Do you know who the "robber barons" were in American history? Railroad and steel industrialists, who obtained their wealth through government handouts and government granted monopolies. The robbed the public by corrupting politics.
Correct, corruption is the problem and reversing it is the answer.
If you try to pass more laws to fix the rent seeking and corruption of past laws, how do you imagine that works? Do you think there is a sudden outbreak of selflessness and competence in Congress? Of course not. If you pass more laws and regulations, you are going to get more of what we already have: more crony capitalism, more rent seeking, more regulatory capture.
To reverse the corruption, the only viable choice is to reduce the size of government and regulation. Government corruption, rent seeking, and crony capitalism are simply roughly proportional to the size of government.
Didn't congress give them but $230 Million for this kid of thing just recently?
Dang, this is half the year's budget. It's going to hurt the commercial crew budget. I guess this just validates the position of congress then that Space X just isn't ready enough to get their stuff human rated and they apparently need some more time to work out the kinks... Shame they blew up almost a half of the budget though...
"File to fit, pound to insert, paint to match" - Aircraft Maintenance 101
Of coure private companies should be allowed to investigate their failures. They just shouldn't have an exclusive right to do so. They pay for their investigation, the government pays for it's investigation, any other involved parties pay for their investigation. The data isn't kept secret. (Not being secret doesn't mean that what it means will be obvious, hence the plausibility of multiple investigations.)
I think we've pushed this "anyone can grow up to be president" thing too far.
All I'm going to say is it's still cheaper than NASA building one and it blowing up.
didn't do enough of them. there were design issues that would have surfaced . wikipedia on a friday night when you're bored
When did NASA pay for any of its failed launches? When did the big boys it usually contracts with pay? When did the Russians pay for their failures? This is bullshit.
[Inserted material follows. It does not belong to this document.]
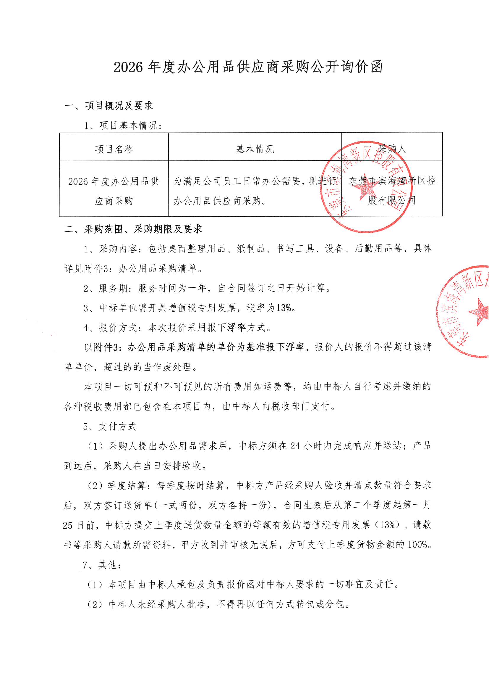 2026年度办公用品供应商采购公开询价函

So the risk instead would be spread out into a higher launch fee (taxpayers) and higher insurance fees for everyone (taxpayers).
The insurance would make the cost of the launch a lot higher, and NASA (taxpayers) would have to pay that.
Money doesn't grow in insurance companies either - they are re-insured and the cost is spread out to everyone.
But I guess it would look better for NASA?
(That said, I thought insurance was involved already. At least for individual projects blowing up?)
You know, NASA is not just handing this money to them, right?
"So long and thanks for all the fish."
Bet the astronauts scheduled to be transported into space by SpaceX in 2017 are loving this. There's nothing more comforting than sitting on tonnes of rocket fuel in a craft built by the lowest bidder. Oh well, at least the Russians are competent. So there's always a plan B.
Okay, we lost 110 million dollars on this failure. But, if each launch is about half what ULA charges, what has SpaceX saved the US tax payers over the past few years? We lost CARGO. Big whoop.
What's lost in all of this is a Falcon 9 is a third the cost of a Delta IV. So while yes. NASA is taking the risk and SpaceX is making the profit. That profit is costing the taxpayer you 200 million less than the traditional way.